Questo a prescindere dal fatto che i contenuti trasmessi dalla fonte siano umani o disumani, veri o illusori, verosimili o falsificati. Non esiste un criterio oggettivo che possa stabilire a priori la differenza tra il vero e il falso. L’interpretazione è sempre un faticoso processo a posteriori, che non può riguardare, in maniera unilaterale, il solo storico, ma anche lo studente che legge una fonte e su cui deve esercitare il proprio raziocinio, lasciandosi stimolare da una batteria di domande-guida. Spesso questo atteggiamento supponente degli storici lo si nota anche nel mondo della politica e del giornalismo: ognuno è sempre convinto di avere la verità in tasca.

Insegnamento e concezione della storia

Forse è giusto sostenere che tutta la storia che facciamo studiare, soprattutto quella dei manuali scolastici, è la storia del “senno del poi”, cioè una storia scritta per dimostrare che le cose si sono svolte in una certa maniera proprio perché questa maniera era quella “giusta”, anche se nel concreto i fatti si sono manifestati secondo ragioni e modalità tutt’altro che nobili.

Gli storici dei manuali scolastici sanno bene che non si può insegnare la storia dicendo ai ragazzi che gli avvenimenti sono accaduti per il gioco politico delle forze in campo, che ha spesso reso inevitabili eventi la cui eticità era prossima allo zero. In questo sono pedagogicamente unanimi, “politicamente corretti”: non vogliono far portare sulle spalle dei ragazzi un peso superiore alle loro forze. Sanno cioè che la storia è fatta da “adulti” e che si rivolge, sul piano cognitivo, agli stessi adulti, per cui pensano che ai ragazzi, al massimo, sia sufficiente acquisire le coordinate spazio-temporali in cui collocare i fenomeni e quelle di causa-effetto per interpretarli (ridotte, quest’ultime, a una sorta di semplice operazione aritmetica).

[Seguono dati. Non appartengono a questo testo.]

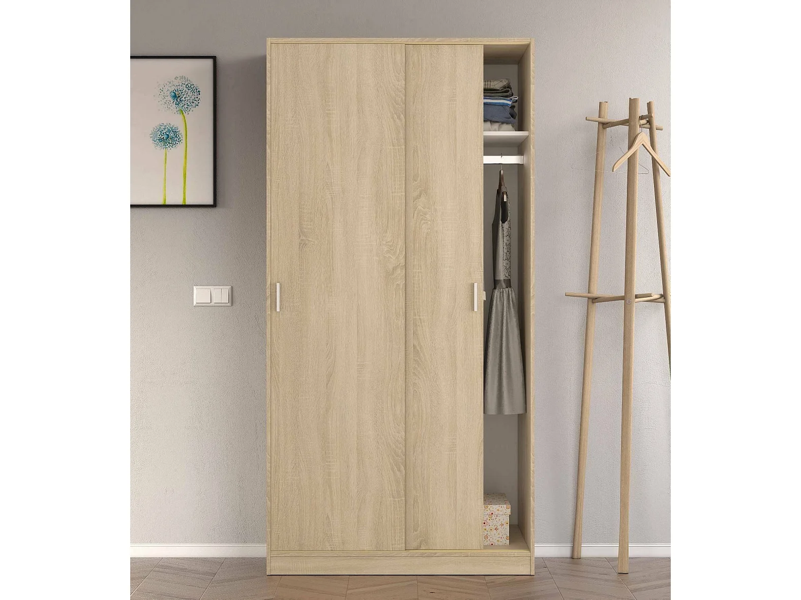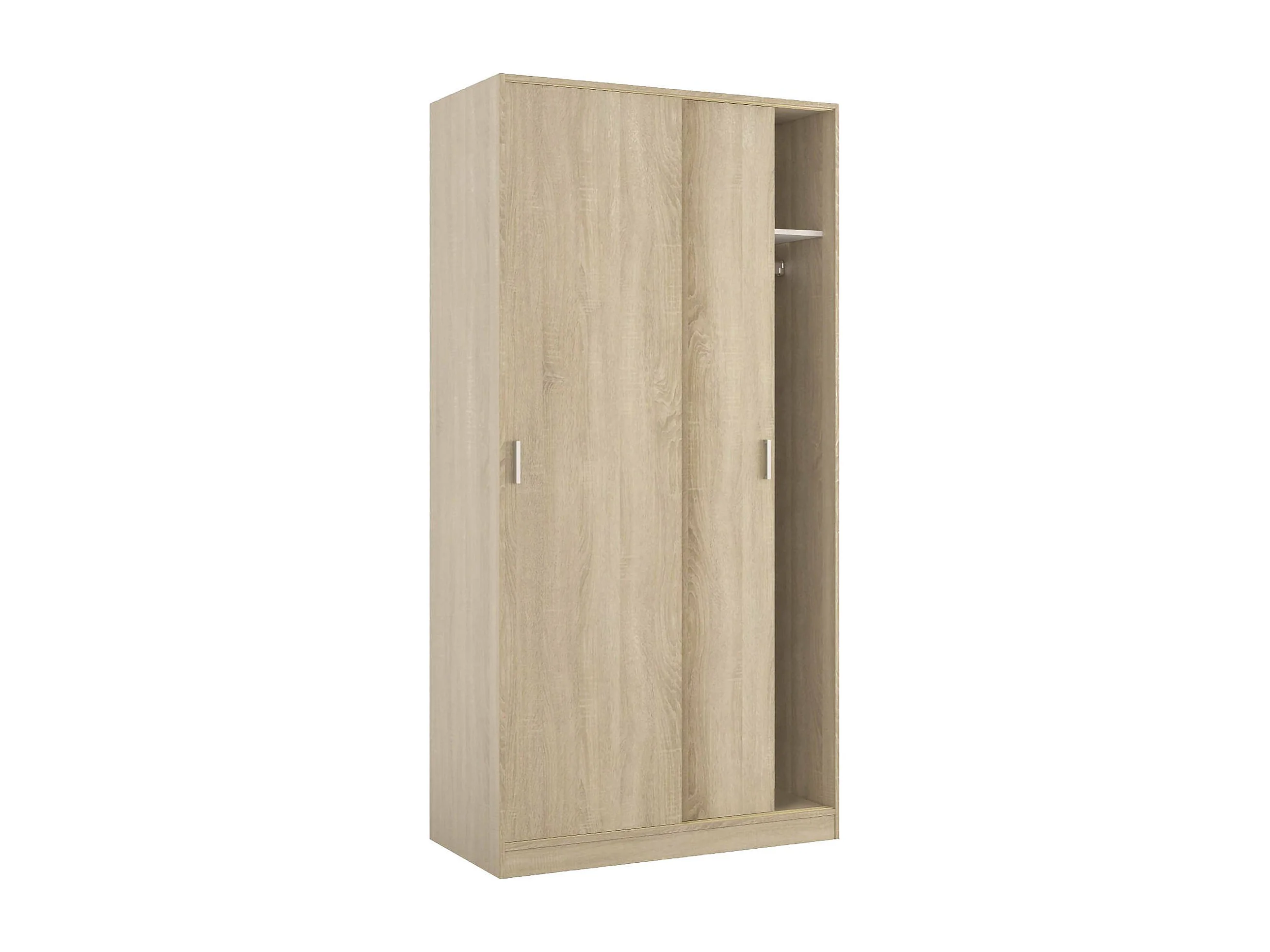 Guardaroba Lansing, Armadio per camera da letto a 2 ante scorrevoli, Mobile con ripiano e barra appendiabiti, 100x50h200 cm, Rovere
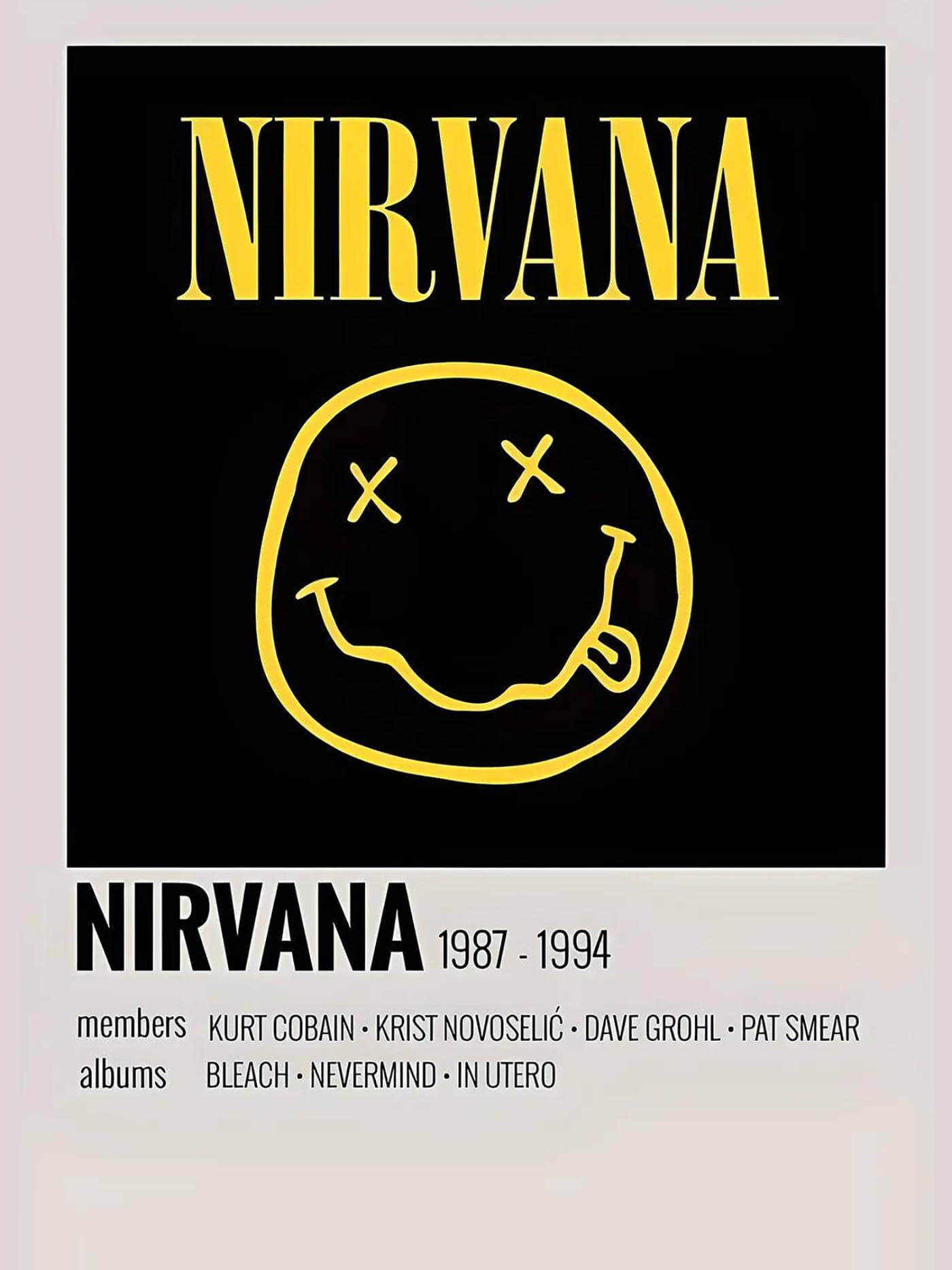 Nirvana - Fan Art Graphic Poster by Tallenge Store. Our art prints are produced on acid-free 220 GSM papers using archival inks and lamination to guarantee that they last a lifetime without fading or loss of color. All prints include a sufficent white border around the image to allow for future framing, if desired. Product will be shipped in 2 days
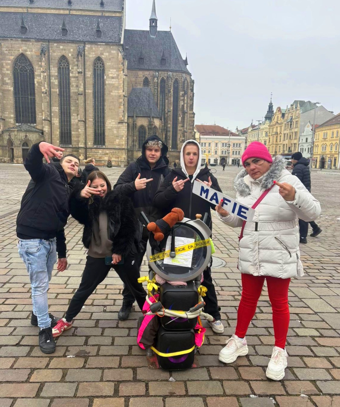 "Před jedenáctou hodinou v noci byly hlídky nuceny zasáhnout na náměstí Republiky vůči později zjištěnému muži, který výrazným způsobem rušil veřejný pořádek hlasitou hudbou z reproduktorů. Zakuklený muž s baseballovou pálkou v ruce tančil na střeše nastartovaného vozu, nechtělo se mu slézt dolů a prokázat svou totožnost a výzvy strážníků ignoroval," sdělila mluvčí k plzeňákům dobře známé figurce města.

Questo atteggiamento – lasciatemelo dire – è abbastanza curioso. Da un lato infatti essi sostengono che la storia, o meglio la storiografia, non si fa coi “se” e i “ma”, dall’altro invece non possono non sapere che proprio nel momento in cui si è protagonisti della storia (specie nei momenti di transizione o nelle occasioni rivoluzionarie) i “se” e i “ma” sono più fastidiosi delle zanzare.

Perché ci piace così tanto avere delle interpretazioni univoche della realtà? Pigrizia del pensiero? Timori di attività didattiche antipedagogiche? O forse si è convinti, inconsciamente, che l’unico modo di affrontare una realtà sempre più contraddittoria sia quello d’aggrapparsi a certezze meramente teoriche o virtuali? Non è anche questa una forma illusoria del razionalismo occidentale e forse del razionalismo qua talis?

Per quale motivo il passaggio dal feudalesimo al capitalismo viene sempre visto come una sorta di riscossa, di riscatto, di liberazione dal duro prezzo che s’è dovuto pagare alle invasioni barbariche, al punto che quando si fanno “concessioni” al Medioevo (Capitani, Le Goff, Sestan…) è sempre e solo in riferimento al periodo che più somiglia al nostro, cioè quello che parte dalla rivoluzione comunale?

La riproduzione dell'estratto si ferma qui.